Task item
From the first line to the last, copy the listing exactly and omit the pictures.

Information provided
+---+

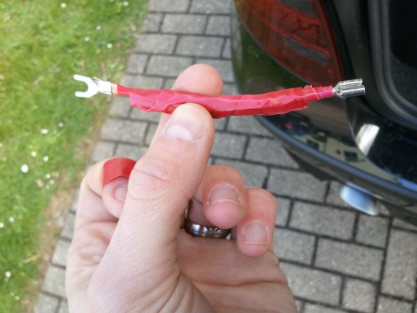 19. Nun kommen an beide entstandenen Enden die Steckverbindungen für die Autosicherung. Ich habe alles noch mit rotem Isolierband umwickelt
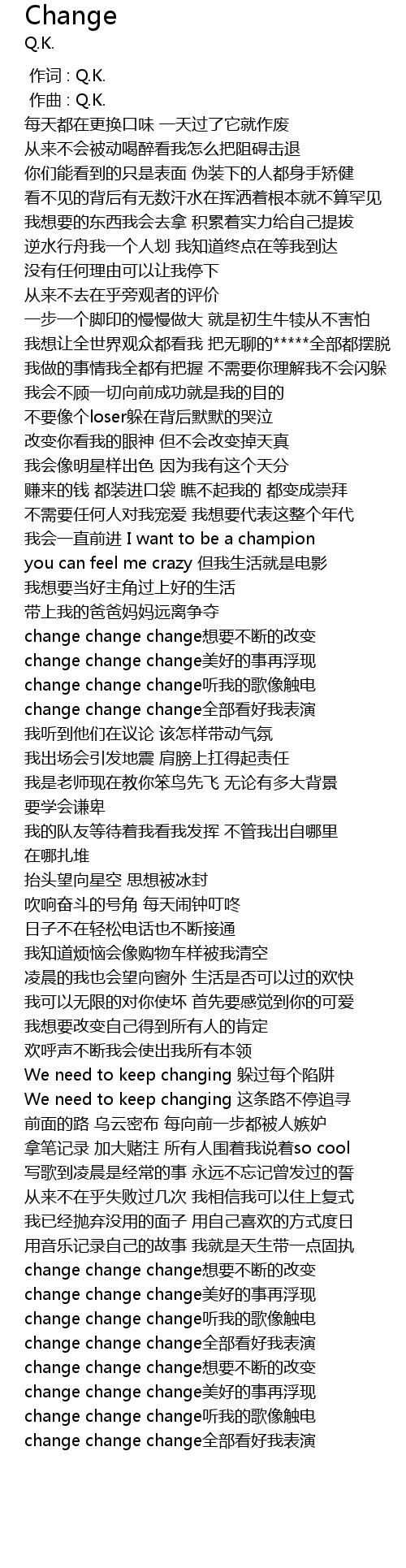 | [02:36.189] | change change change想要不断的改变 |
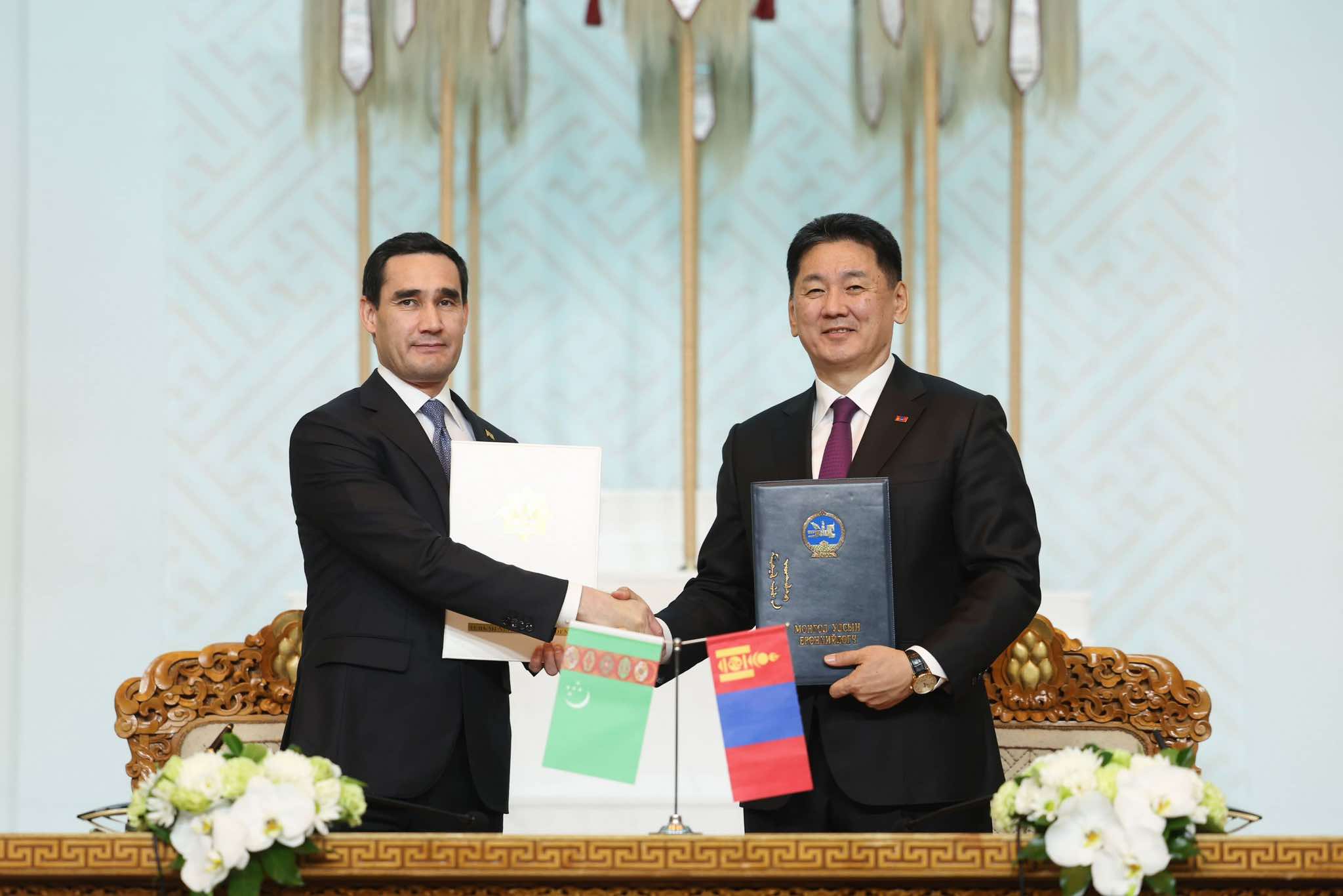 Айлчлалын хүрээнд Монгол Улсын Ерөнхийлөгч У.Хүрэлсүх, Туркменистан Улсын Ерөнхийлөгч Сердар Бердымухамедов нар “Монгол, Туркменистаны хамтын ажиллагааг хөгжүүлэх тухай хамтарсан мэдэгдэл”-д гарын үсэг зурлаа.

+---+

Output
 19. Nun kommen an beide entstandenen Enden die Steckverbindungen für die Autosicherung. Ich habe alles noch mit rotem Isolierband umwickelt
 | [02:36.189] | change change change想要不断的改变 |
 Айлчлалын хүрээнд Монгол Улсын Ерөнхийлөгч У.Хүрэлсүх, Туркменистан Улсын Ерөнхийлөгч Сердар Бердымухамедов нар “Монгол, Туркменистаны хамтын ажиллагааг хөгжүүлэх тухай хамтарсан мэдэгдэл”-д гарын үсэг зурлаа.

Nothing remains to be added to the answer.